「パクリ」指摘文化に辟易 ~やえもんvsトーマス ― 2009年10月26日 06:08
きかんしゃやえもんはトーマスのパクリですか?
実のところ、検索して自分で調べれば済みそうなのに、あやふやな意見を集める掲示板で解決しようとする人の気持ちが分からないのです。そんなに便利なシステムなのでしょうか。(すいません、自分には良さが分かりません。)
もっとも、覗いた掲示板での結論は比較的良い方で、原作絵本の発表年を比較して、客観的に終わっていました。

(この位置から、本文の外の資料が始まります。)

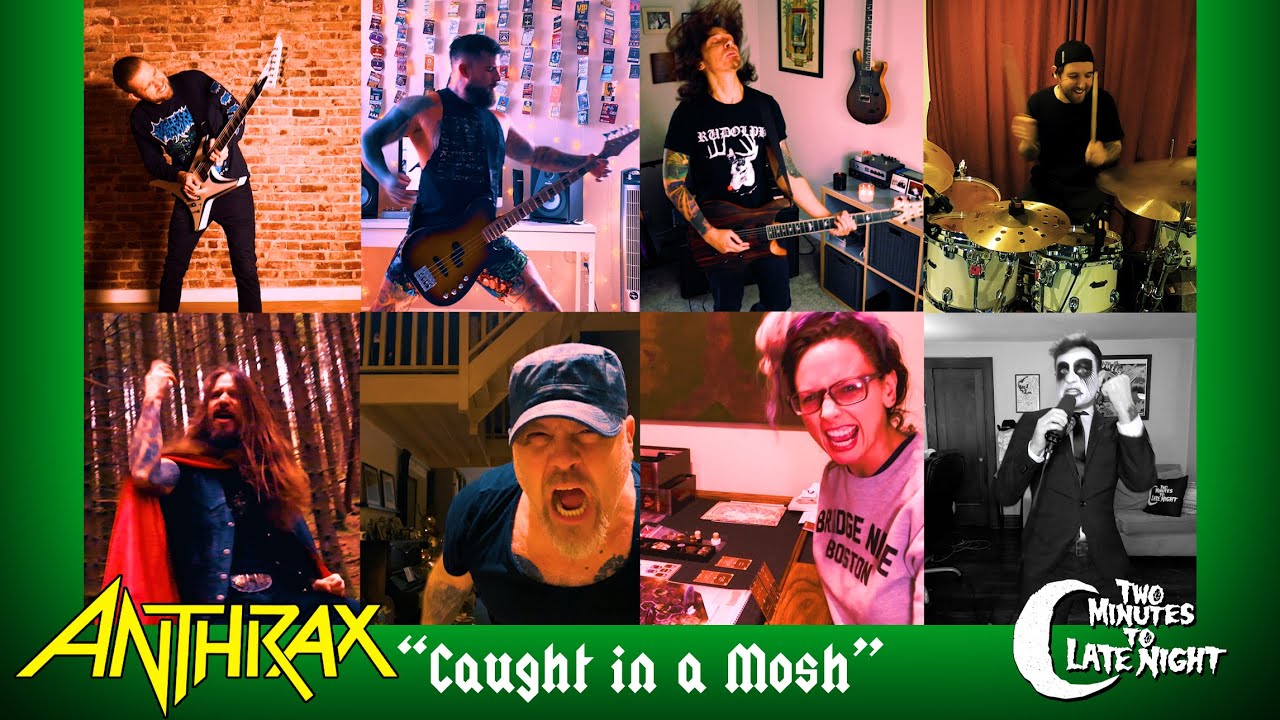 Anthrax included the almighty riff onslaught "Caught In A Mosh" on their classing 1987 album Among The Living. Moshing was still a relatively underground phenomenon at the time. Within a few years, it was all anyone did at rock shows. Anthrax were prescient! "Caught In A Mosh" is an ideal song for the Two Minutes To Late Night treatment, and Olds has put together monster band to play it.

確かにデジタル的な数字だけ見れば「きかんしゃ やえもん」は1959年12月5日初版の阿川弘之(文)と岡部冬彦(絵)による絵本です。世間的に言う「きかんしゃトーマス」は1984年から英で放映のTV版を指しそうですが(日本では「ひらけ!ポンキッキ」内で1990年放映開始)、原作絵本「汽車のえほん」シリーズにはもっと長い歴史があります。
ウィルバート・オードリーの原作絵本は1945年に発表。(さらに付け加えるなら、トーマスは1946年発表の第二巻でデビュー。)ただし日本での出版は1973年に開始というタイムラグがある。

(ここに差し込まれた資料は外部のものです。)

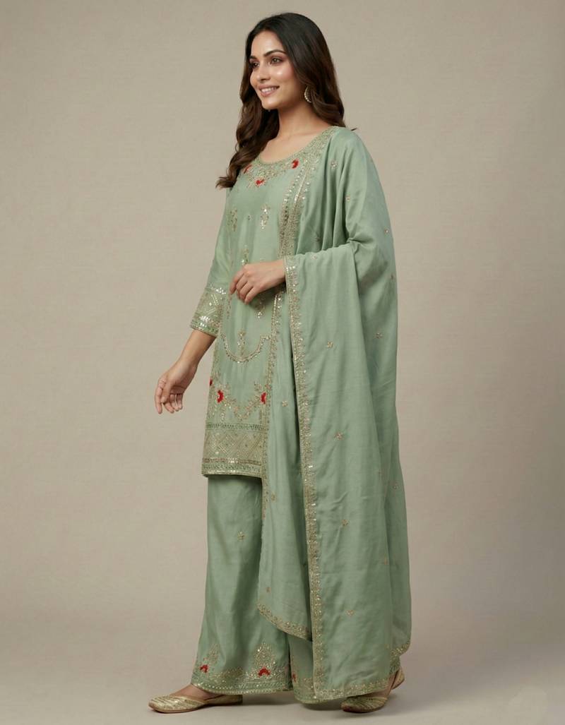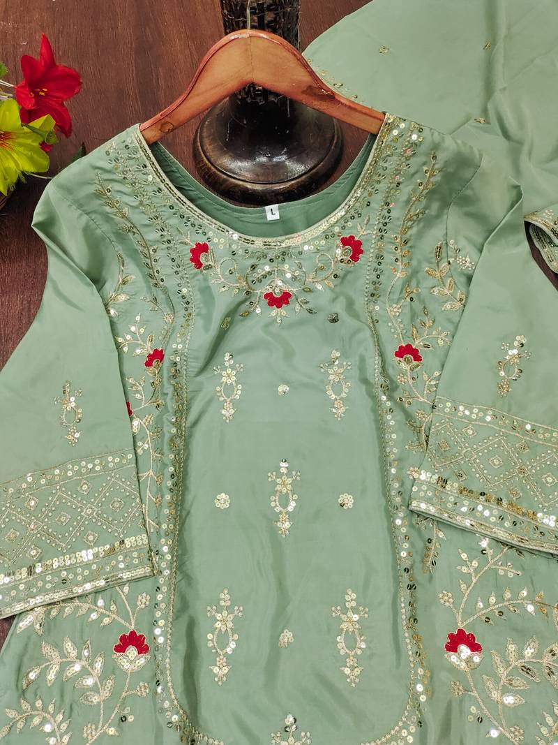 | Product Name | Sea Green Designer Natural Crepe Sequins Embroidered Work Readymade Suit | |

日本というローカルな環境を見れば「やえもん」が先輩だし、世界的な視野で考えれば「トーマス(汽車のえほん)」の方が先輩なのです。 この2者の絵本が出版される背景には日本で60年代後半から、蒸機全廃になる1975年ごろに沸き起こった“SLブーム”を無視することはできません。
「やえもん」は徐々に時代に押され立場が弱くなった発表当時が投影されているし、次々と現役引退するSLが実際にあった時代の作品。かたや「汽車のえほん」はオリジナルが1946年の出版だとしても、作者自身が子供に聞かせた古いイギリス鉄道の原風景。
作品が長期化するにつれ、時代の違うのりものたちが多数登場し個性を競い合う世界になっていますが、その背景には絶対的な違いがあります。
「汽車のえほん」シリーズは、運良くTV放映される以前に日本でも出版されファンを開拓することに成功しました。しかし、SLブームに当て込んだ出版であることは想像に難しくありません。
ことによれば現在だって出版されていないマイナー絵本になっていた可能性だってあるでしょう。何しろ、オリジナル絵本は続巻が途絶えて久しい状況。現在、日本では原作ではなく、わざわざTV版から起こした絵本しか続刊されなくなってしまっているのですから。
そんな環境まで含めて、両者を思うと人気のあるキャラクターとして現在まで生き残っていることにありがたさすら感じるのです。
愛着のない人間にとって単純に“顔のついたのりもの”として似て見えるのはしょうがありません。でも、顔のついた擬人化のりものキャラクターなんて2者に限らずごまんといますよ。
「パクリ」呼ばわりって、どうなの。
言うまでもなく「ぱくる」は盗むことの俗語。穏やかではありません。日本人は海外の技術を上手に真似し、独自に技術発展させたと評価されることも多くありますが、こと創作物に関してはどうも漫画・アニメの世界的な評価に酔ってしまったのか、気軽に他者を盗っ人呼ばわりするようになってしまいました。技術革新のためにも他者の良いところは真似て、独自のよさを出していくのはフィクションの世界でも決してとがめられるものではありません。仮に日本が鎖国したまま現在になったとして、この漫画・アニメ文化の隆盛はありえなかったでしょう。(ちょっと飛躍しすぎか。)
感情論として、愛した作品の何かに似ている別の作品を見たら影響の関係を知りたくなったり、気分を害するケースもあるでしょう。でも、最低限“盗っ人”だと声高に叫ぶなら、その声には責任があってしかるべきだと思うのです。ネットだから、ハンドルネームだからと責任から逃げるのではなく言ったなりに勉強をして欲しいと自分は考えます。
それに盗作認定するには、被害をこうむると著作権者が感じているか、実際にマイナスなのかが問題です。お店で万引きを見たとして客同士で騒いでもしょうがない。現状のネットで見る「パクリ論争」って、結局のところ両者の作品のファンが傷つけあってるだけで、何も生んでないように感じてしまう。
これって、作り手の端くれとしての感情なんですかね。仮に単なるファン(受け手)だとしても、自分はきっと同じように考えそうなのですが。そんな“環境”の“もしも”を考えつつ、ガッカリしてしまっています。
きかんしゃやえもんはトーマスのパクリですか?
否! 生んだ環境がまるで違う! テーマが違う! 国土性が、まるで違う! ファンにとっては表層のみで語って欲しくないよ。